[Opening DATASET EXTRACT section]
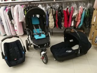 Conjunto de tres piezas: capazo, grupo 0 y silla de paseo. Chasis de aluminio ligero, con plegado telescópico. Capazo blando, plegable. Silla de paseo reversible: se puede colocar en sentido de la marcha o viendo hacia los padres. Respaldo ergonómico, reclinable en varias posiciones hasta llegar a la horizontal. Ruedas delanteras giratorias con bloqueo opcional de dirección. Freno trasero centralizado para ambas ruedas. Capota regulable, y cómoda cesta portaobjetos. Fundas desenfundables y lavables a máquina. Perfecto estado. Vendo por no usar
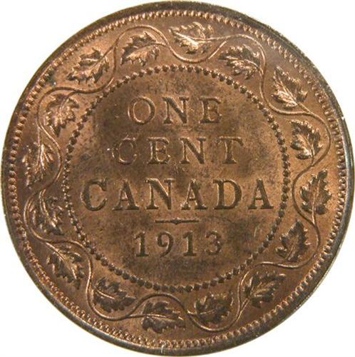 Canada Large Cent 1913 ICCS MS-64 Red. Fully struck and strongly lustrous with about 85% red
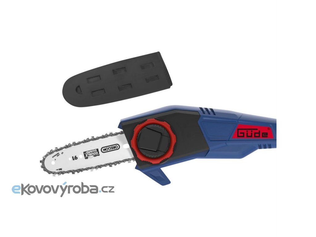 Akumulátorová vyvětvovací pila Güde, určená k prořezávání vzrostlých stromů ze země.
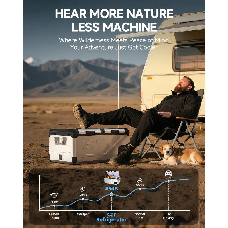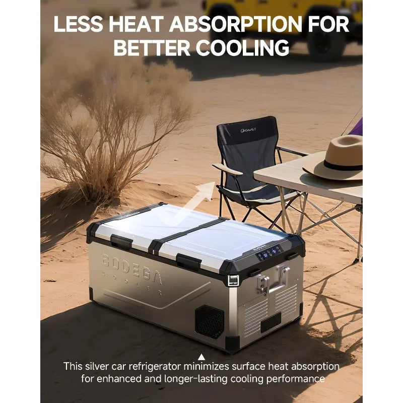 A "Geometric Brutalist" aluminum monolith designed to withstand extreme road vibration. Featuring dual-zone independent temperature control, it uses a high-efficiency compressor to maintain its "Systemic Soul" even in the harshest climates.
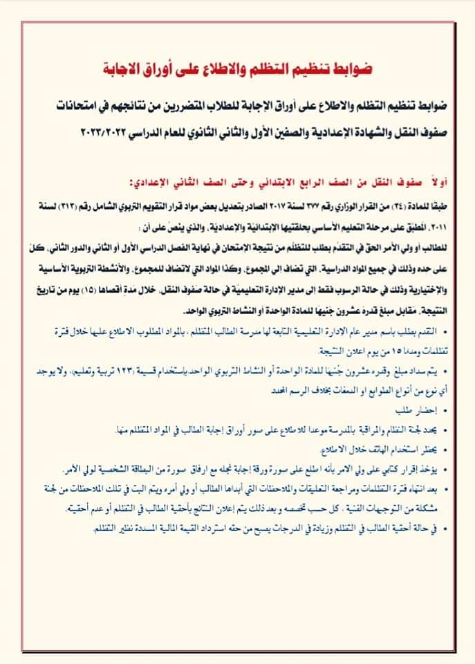 تحميل مستندات و ضوابط تنظيم التظلم والاطلاع على أوراق الإجابة 2023
[Closing DATASET EXTRACT section]
The lines to restate word for word run from the line that contains "Canada Large Cent" through the end of the entries above, both ends included. Leave out all pictures and write nothing else.

 Canada Large Cent 1913 ICCS MS-64 Red. Fully struck and strongly lustrous with about 85% red
 Akumulátorová vyvětvovací pila Güde, určená k prořezávání vzrostlých stromů ze země.
 A "Geometric Brutalist" aluminum monolith designed to withstand extreme road vibration. Featuring dual-zone independent temperature control, it uses a high-efficiency compressor to maintain its "Systemic Soul" even in the harshest climates.
 تحميل مستندات و ضوابط تنظيم التظلم والاطلاع على أوراق الإجابة 2023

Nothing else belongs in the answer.